'''

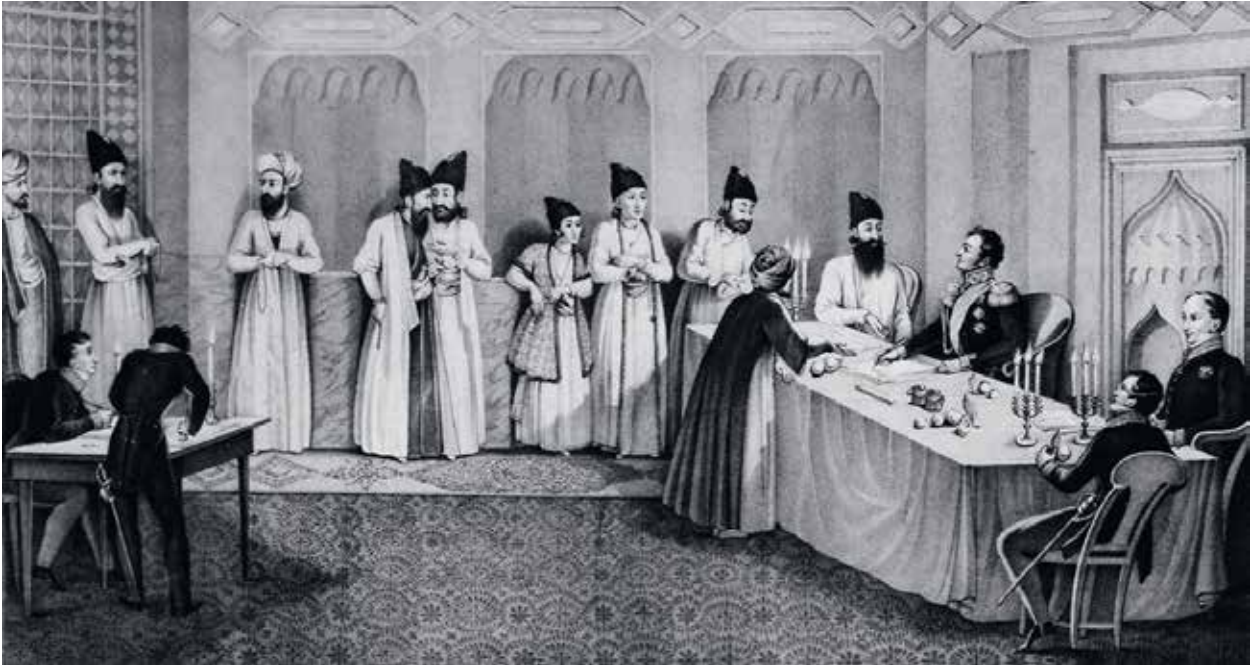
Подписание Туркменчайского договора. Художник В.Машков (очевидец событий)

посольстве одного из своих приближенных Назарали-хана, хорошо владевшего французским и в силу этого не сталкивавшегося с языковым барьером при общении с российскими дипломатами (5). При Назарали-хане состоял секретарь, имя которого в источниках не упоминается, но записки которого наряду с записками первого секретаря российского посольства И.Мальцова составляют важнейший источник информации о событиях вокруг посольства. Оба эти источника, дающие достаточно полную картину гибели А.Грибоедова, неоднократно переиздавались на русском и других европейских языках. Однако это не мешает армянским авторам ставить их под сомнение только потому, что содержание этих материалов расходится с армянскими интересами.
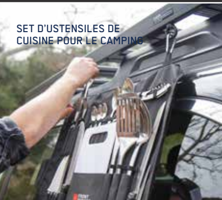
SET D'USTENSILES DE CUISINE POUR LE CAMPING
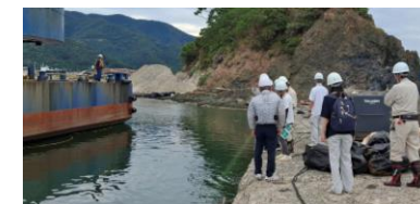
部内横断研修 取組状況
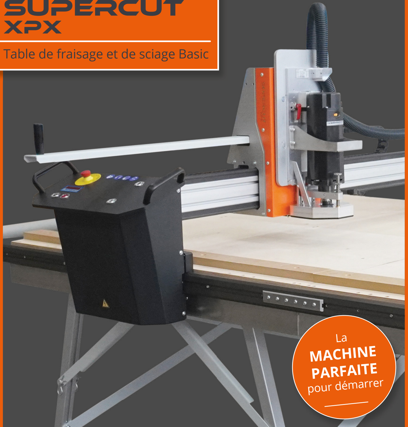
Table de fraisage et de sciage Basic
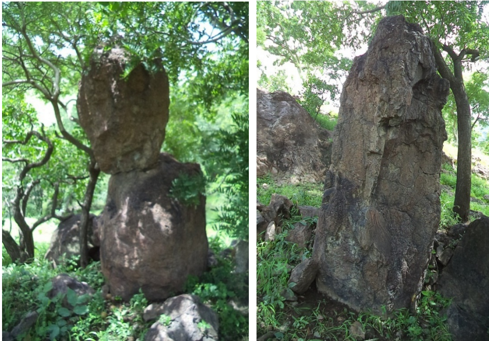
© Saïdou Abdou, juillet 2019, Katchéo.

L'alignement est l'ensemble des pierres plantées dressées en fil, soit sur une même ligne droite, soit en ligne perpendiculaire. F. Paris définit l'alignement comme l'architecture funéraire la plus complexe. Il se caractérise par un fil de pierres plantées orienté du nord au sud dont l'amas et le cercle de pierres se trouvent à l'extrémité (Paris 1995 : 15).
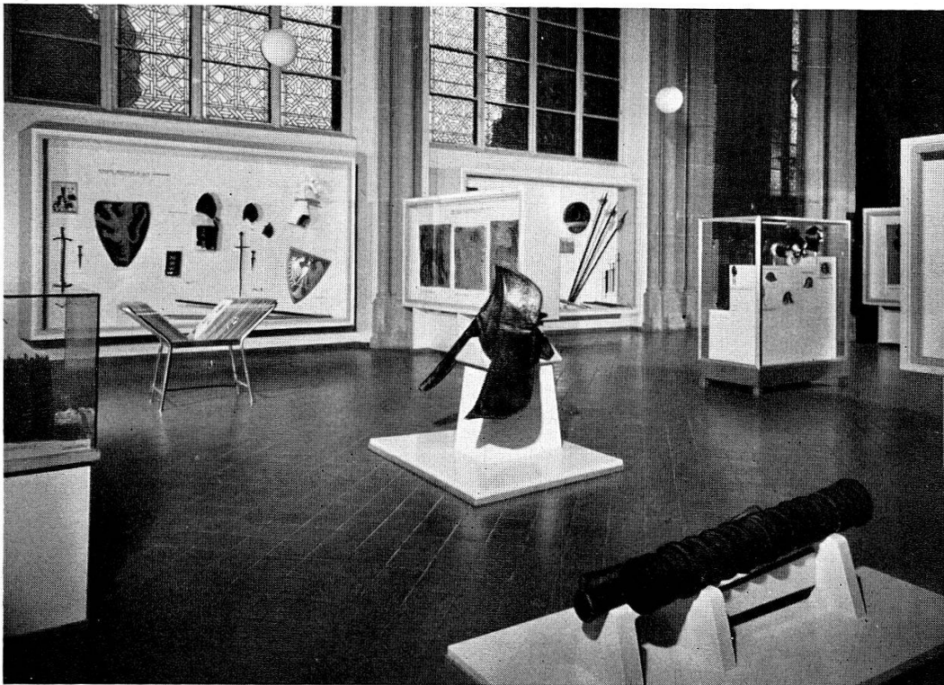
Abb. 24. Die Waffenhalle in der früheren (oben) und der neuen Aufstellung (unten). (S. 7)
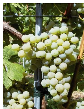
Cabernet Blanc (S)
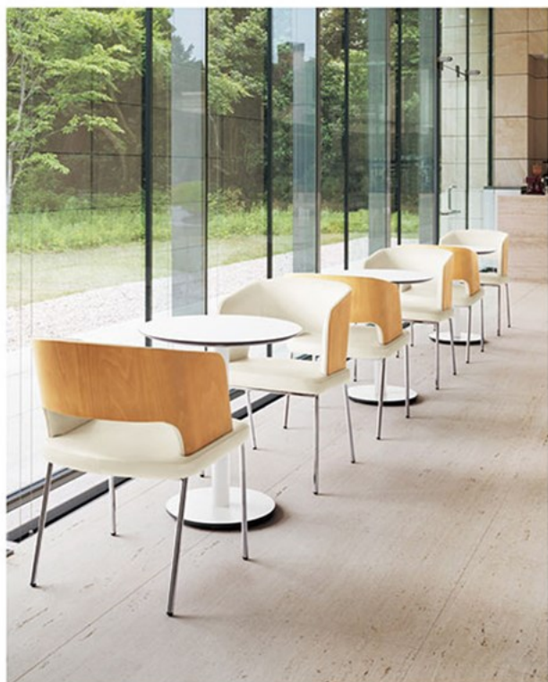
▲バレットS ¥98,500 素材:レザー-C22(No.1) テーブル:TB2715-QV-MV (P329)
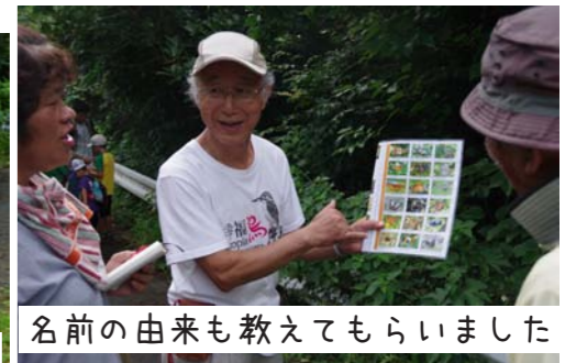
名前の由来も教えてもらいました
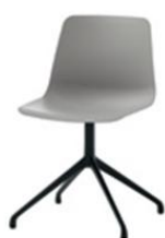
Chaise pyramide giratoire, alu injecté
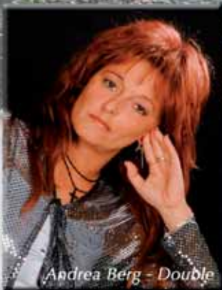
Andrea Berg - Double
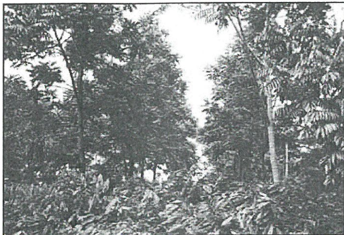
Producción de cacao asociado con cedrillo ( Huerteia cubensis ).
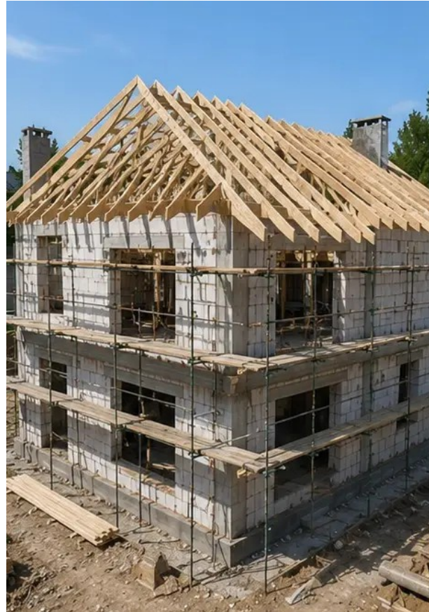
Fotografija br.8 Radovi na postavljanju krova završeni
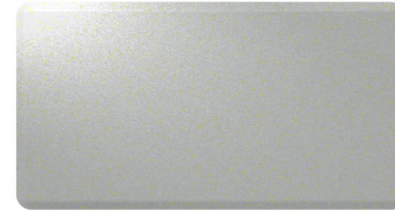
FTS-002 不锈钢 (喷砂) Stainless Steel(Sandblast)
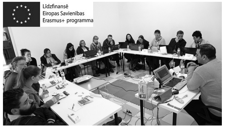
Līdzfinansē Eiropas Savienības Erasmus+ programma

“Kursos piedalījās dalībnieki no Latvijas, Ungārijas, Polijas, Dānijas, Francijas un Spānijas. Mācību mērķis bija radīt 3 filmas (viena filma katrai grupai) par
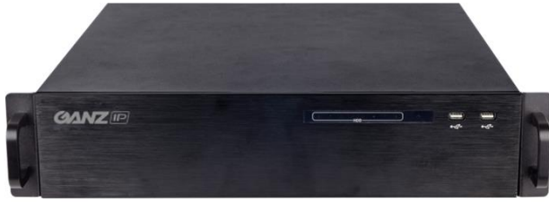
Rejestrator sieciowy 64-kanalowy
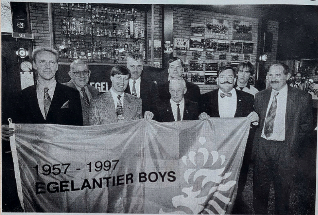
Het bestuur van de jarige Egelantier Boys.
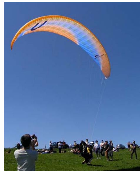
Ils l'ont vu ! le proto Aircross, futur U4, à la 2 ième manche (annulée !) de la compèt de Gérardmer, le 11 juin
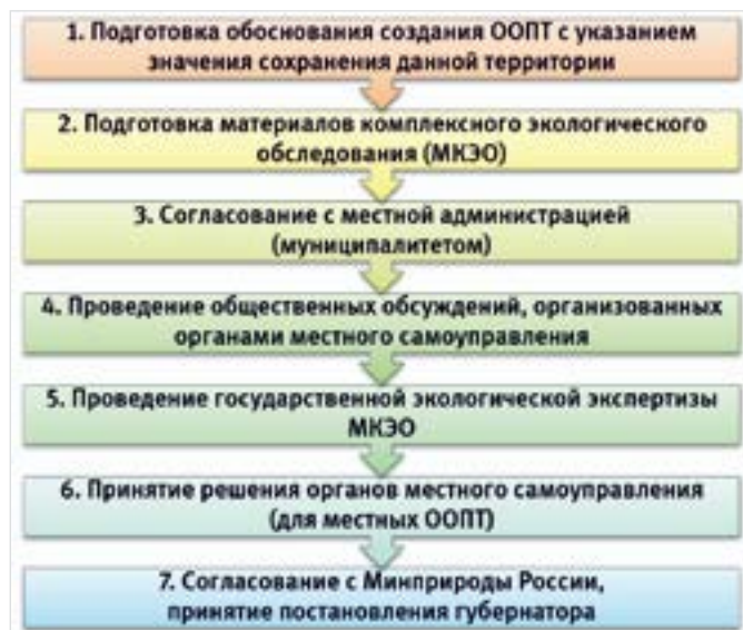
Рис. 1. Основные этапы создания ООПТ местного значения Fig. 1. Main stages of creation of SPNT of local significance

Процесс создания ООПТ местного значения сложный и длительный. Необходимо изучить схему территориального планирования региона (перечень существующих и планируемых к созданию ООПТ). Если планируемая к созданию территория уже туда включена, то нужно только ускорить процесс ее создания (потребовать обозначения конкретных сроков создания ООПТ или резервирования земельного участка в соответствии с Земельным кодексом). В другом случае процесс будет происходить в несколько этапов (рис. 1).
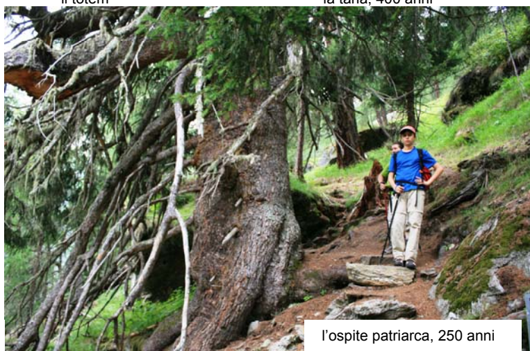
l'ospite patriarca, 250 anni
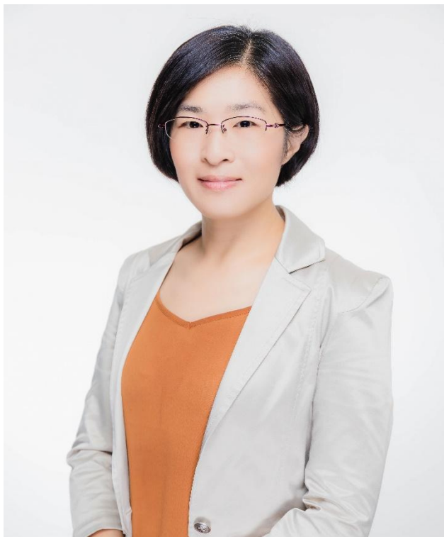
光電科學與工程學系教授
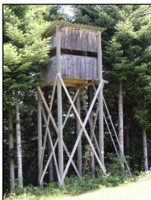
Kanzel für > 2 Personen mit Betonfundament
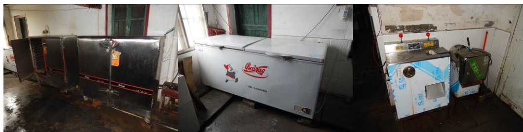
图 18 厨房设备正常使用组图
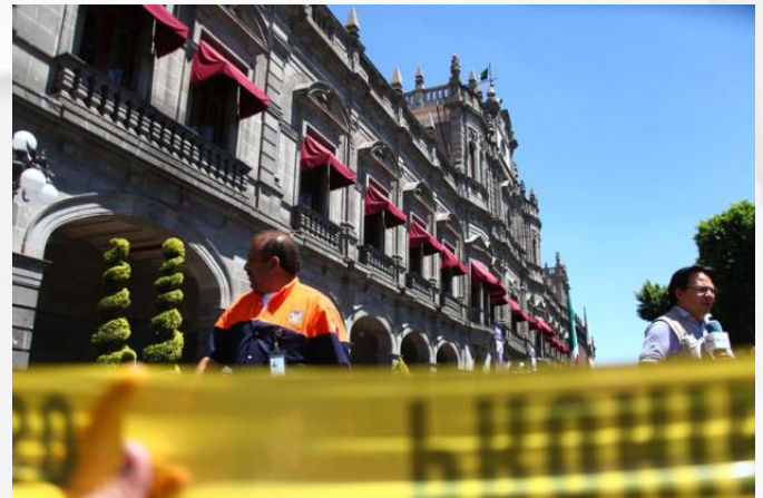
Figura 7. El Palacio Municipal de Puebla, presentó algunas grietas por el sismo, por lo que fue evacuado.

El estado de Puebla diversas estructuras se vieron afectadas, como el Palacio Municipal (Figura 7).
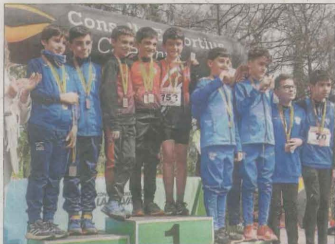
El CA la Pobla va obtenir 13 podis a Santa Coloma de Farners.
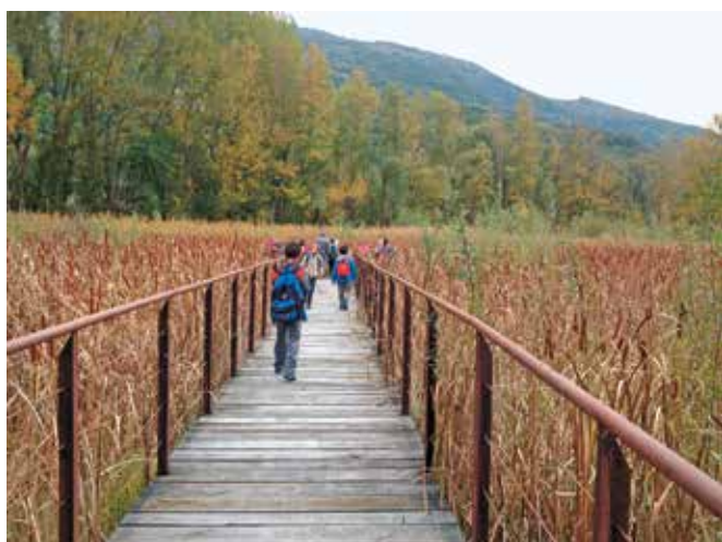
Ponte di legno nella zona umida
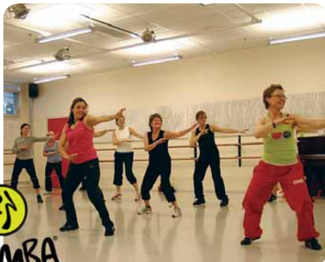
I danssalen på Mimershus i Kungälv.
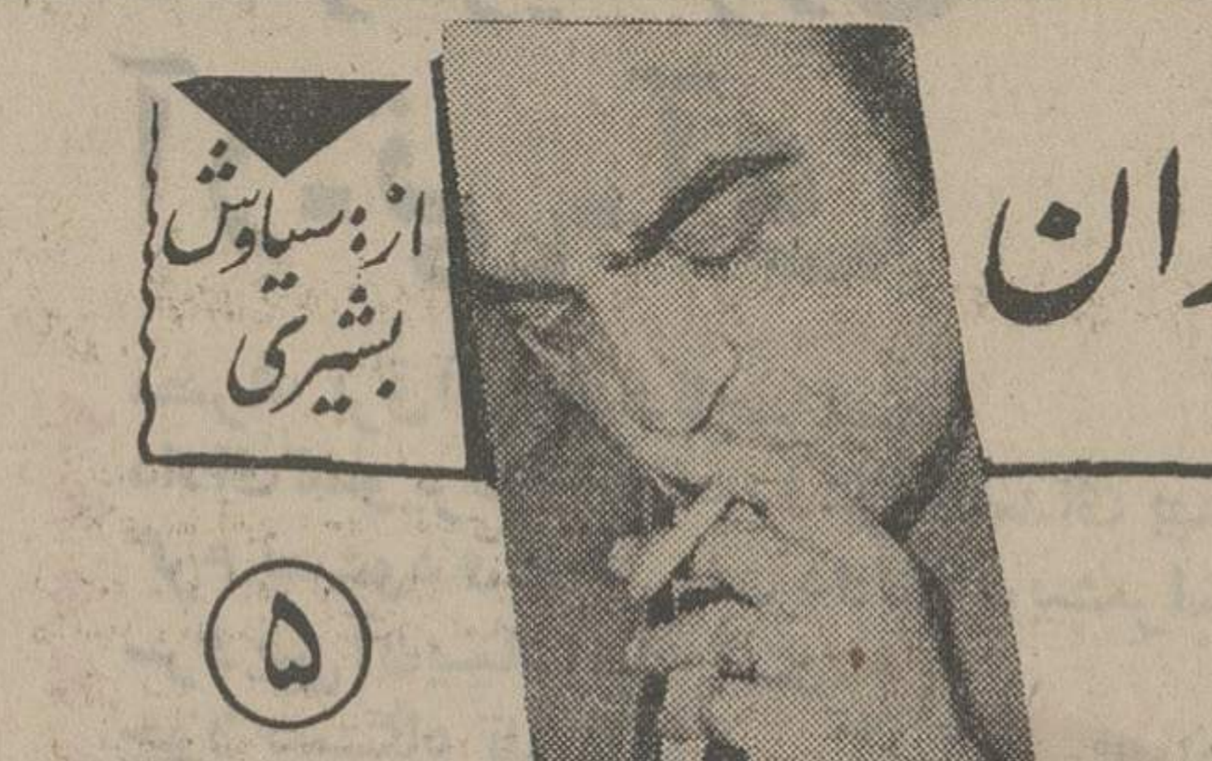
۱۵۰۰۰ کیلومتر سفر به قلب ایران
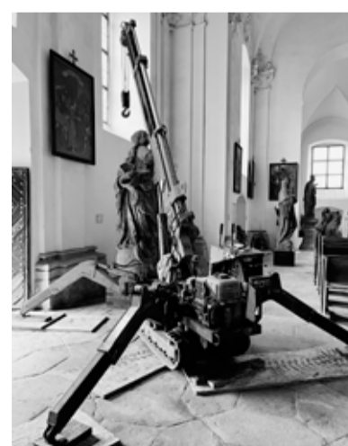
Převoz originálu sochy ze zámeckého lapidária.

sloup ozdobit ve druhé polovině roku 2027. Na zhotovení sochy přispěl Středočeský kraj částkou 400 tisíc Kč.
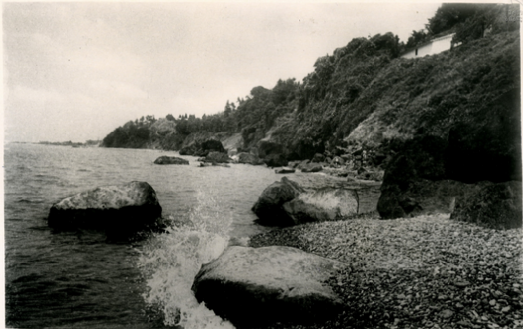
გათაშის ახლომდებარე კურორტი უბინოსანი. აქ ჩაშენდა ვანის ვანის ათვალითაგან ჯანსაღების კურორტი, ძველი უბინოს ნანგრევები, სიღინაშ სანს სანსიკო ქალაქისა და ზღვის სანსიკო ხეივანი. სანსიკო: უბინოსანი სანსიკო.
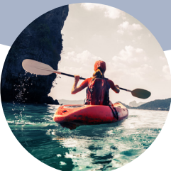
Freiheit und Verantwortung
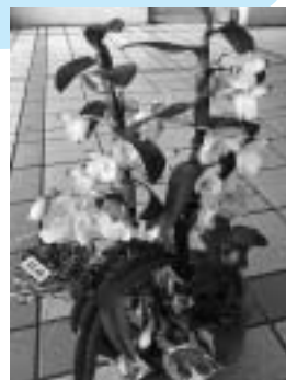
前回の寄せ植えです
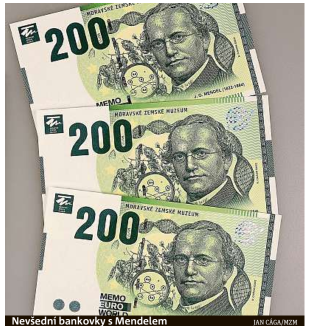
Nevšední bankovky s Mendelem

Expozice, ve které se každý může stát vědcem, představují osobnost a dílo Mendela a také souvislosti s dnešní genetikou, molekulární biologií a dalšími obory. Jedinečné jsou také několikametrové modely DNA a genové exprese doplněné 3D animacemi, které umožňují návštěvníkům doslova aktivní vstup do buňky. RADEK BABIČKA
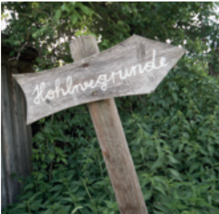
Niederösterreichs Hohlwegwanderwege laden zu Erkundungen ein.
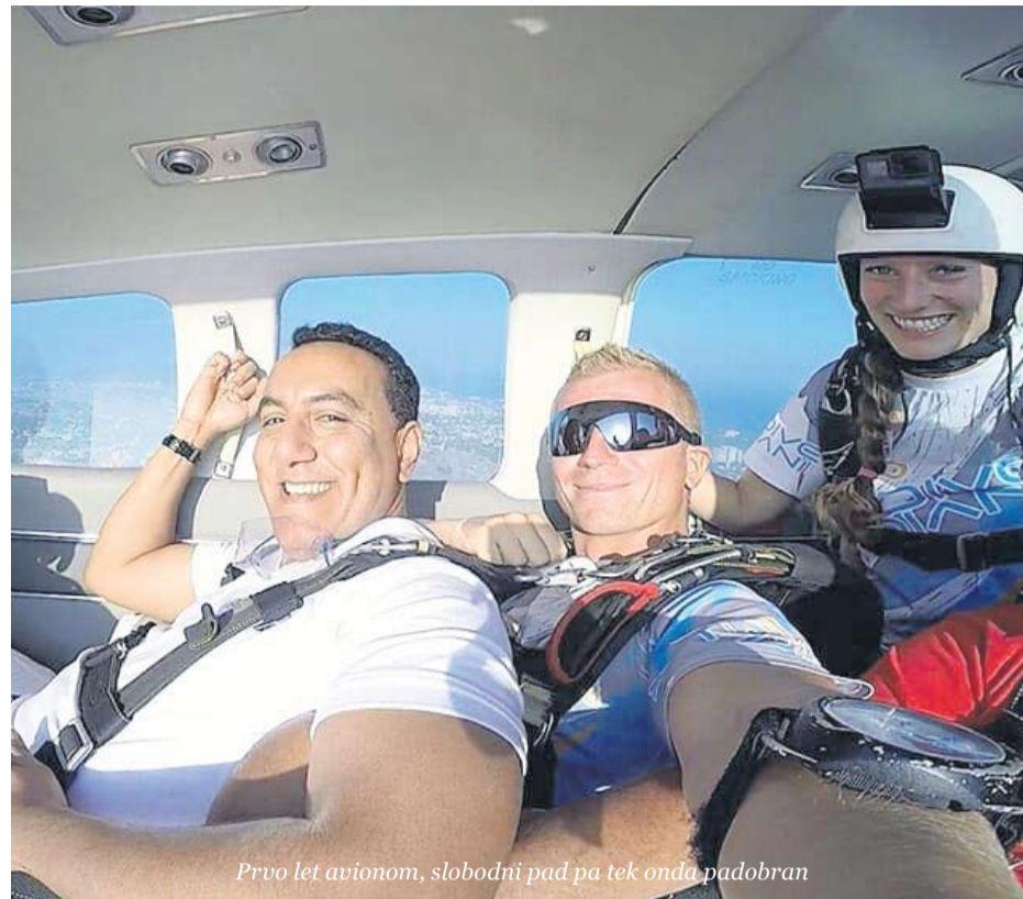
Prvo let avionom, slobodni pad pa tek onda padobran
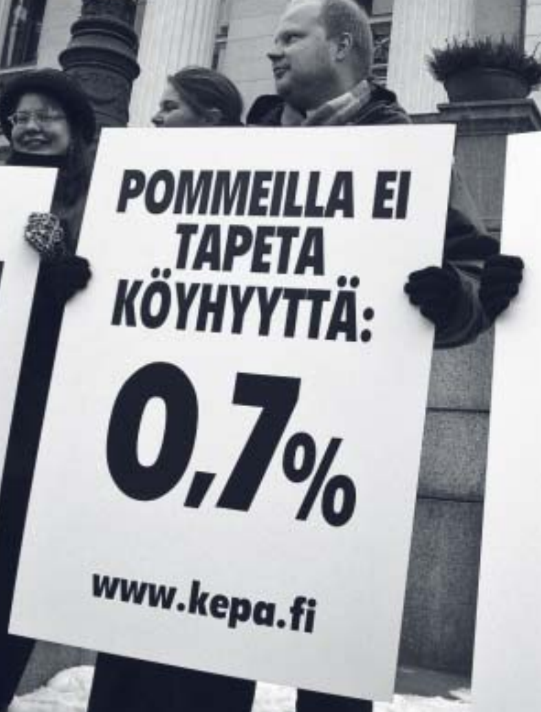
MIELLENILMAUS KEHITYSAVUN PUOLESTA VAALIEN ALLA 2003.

'''

**What the exercise asks**
Starting with the line that holds "Ponte di legno nella zona umida", transcribe exactly each line through the last one of the material above, and nothing else. Do not include pictures.

**Exercise result**
Ponte di legno nella zona umida
I danssalen på Mimershus i Kungälv.
۱۵۰۰۰ کیلومتر سفر به قلب ایران
Převoz originálu sochy ze zámeckého lapidária.

sloup ozdobit ve druhé polovině roku 2027. Na zhotovení sochy přispěl Středočeský kraj částkou 400 tisíc Kč.
გათაშის ახლომდებარე კურორტი უბინოსანი. აქ ჩაშენდა ვანის ვანის ათვალითაგან ჯანსაღების კურორტი, ძველი უბინოს ნანგრევები, სიღინაშ სანს სანსიკო ქალაქისა და ზღვის სანსიკო ხეივანი. სანსიკო: უბინოსანი სანსიკო.
Freiheit und Verantwortung
前回の寄せ植えです
Nevšední bankovky s Mendelem

Expozice, ve které se každý může stát vědcem, představují osobnost a dílo Mendela a také souvislosti s dnešní genetikou, molekulární biologií a dalšími obory. Jedinečné jsou také několikametrové modely DNA a genové exprese doplněné 3D animacemi, které umožňují návštěvníkům doslova aktivní vstup do buňky. RADEK BABIČKA
Niederösterreichs Hohlwegwanderwege laden zu Erkundungen ein.
Prvo let avionom, slobodni pad pa tek onda padobran
MIELLENILMAUS KEHITYSAVUN PUOLESTA VAALIEN ALLA 2003.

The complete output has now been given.